As the affordable housing industry matured, the company moved to new construction, working with the city to subsidize projects on city-owned land. The city had a lot of land because they had demolished buildings for a variety of reasons. The Department of Housing Preservation and Development, the city’s housing agency, would offer different development sites for a dollar, and would then work with the developer to figure out how to finance them, whether it’s tax-exempt bonds or tax credits or subsidy, or some combination of all three. From the mid-1990s until today, L+M has been predominantly a developer of new affordable housing. We’ve slowly gotten into some other things, such as new construction of market-rate buildings, but most of our work is affordable housing.

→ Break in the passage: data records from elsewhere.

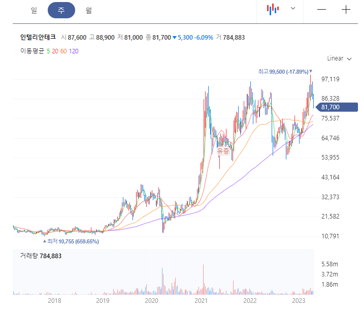 인텔리안테크 주봉을 보게 되면 쓰리봉을 형성후 조정을 받고 있습니다. 이는 조정이 불가피할 것으로 보이고 어디까지 하락할지 예측해야 합니다. 만약 하락을 하게 된다면 70,800원 부근까지 하락을 할 수가 있습니다. 이 부근에서 매수할 수 있다면 더 매수할 겁니다.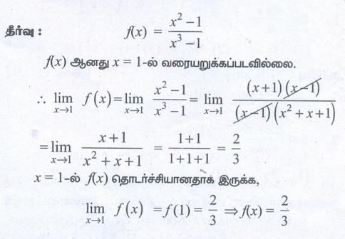 புத்தக கணக்குகளுக்கான பதில்கள், தீர்வுகள் | கணக்கு - பயிற்சி 9.5: தொடர்ச்சியான சார்புகளின் இயற்கணிதம் (Algebra of continuous functions), நீக்கக் கூடிய மற்றும் துள்ளல் தொடர்ச்சியற்ற தன்மை (Removable and Jump discontinuities) | 11th Mathematics : UNIT 9 : Differential Calculus Limits and Continuity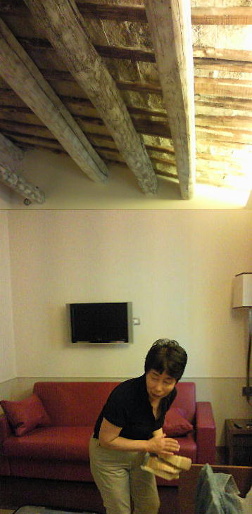 さぁいよいよローマの、イタリア最後の宿だ。今日明日と2泊する部屋は、寝室と浴室の2つだが、勿論それぞれの部屋は広い。
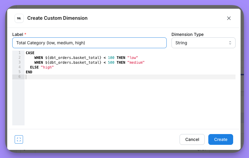 Custom SQL dimensions can query any data from your warehouse, so they should only be created by trusted users (admins and developers). For most cases, it’s safer and more reusable to define dimensions in your dbt files. If you want to make a custom SQL dimension reusable, use the dbt write-back feature to move it into your dbt project.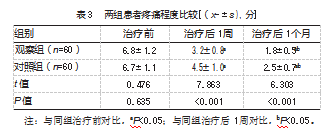 治疗后1周、治疗后1个月,观察组患者VAS评分均低于对照组,差异均有统计学意义(P均<0.05)。见表3。

There’s been a lot of media attention recently on the expiration of various affordable housing programs. Has L+M been involved in the refinancing of housing developments to enhance their affordability?

Five or six years ago, a lot of the housing stock that was developed in the late 1980s and early 1990s hit what’s known as the “Year 15,” which is the end of the tax credit compliance period. When you’re working with Low Income Housing Tax Credits, they’re delivered to the owner over a 10-year period, and there’s a 15-year compliance period. Once that compliance period ends, you can actually re-syndicate the tax credit properties. When you re-syndicate, you extend the affordability for another 15 years. We have worked to extend affordability in a number of areas facing market pressures, such as Harlem, the East Village, Bushwick and Clinton Hill. When you re-syndicate a building, you might put $40,000 into a unit for renovation, replacing roofs, common areas, boilers, systems and technology changes over time. Being able to re-syndicate and renovate is really important.

What factors do you think drove the city to start relying on the private sector for affordable housing?

For a long time, the city used to build and finance new housing. That ended in the 1970s. Now it’s very expensive for city agencies to build buildings. That’s just not necessarily what they’re good at. When the private sector was brought in, the city realized that they could get more housing built, do it more efficiently and cost-effectively, and create units much more rapidly than they could on their own. That said, it’s always a push and pull with the city. As a private-sector developer, we’re making money on developer fees and cash flow, and the optics of that can be a challenge, politically, for the city. People are wondering, “Why are these private developers making money off of the city?” In reality, we’re building buildings more effectively and efficiently than the city would be able to do on their own. If it develops a project, the city has to do it subject to all the public work rules that apply, which drives up costs and timelines. In the private sector, we have an outstanding record of delivering buildings on time, on budget, and safely.

With an increasing erosion of federal funding for public housing, do you see housing authorities operating in a more entrepreneurial manner?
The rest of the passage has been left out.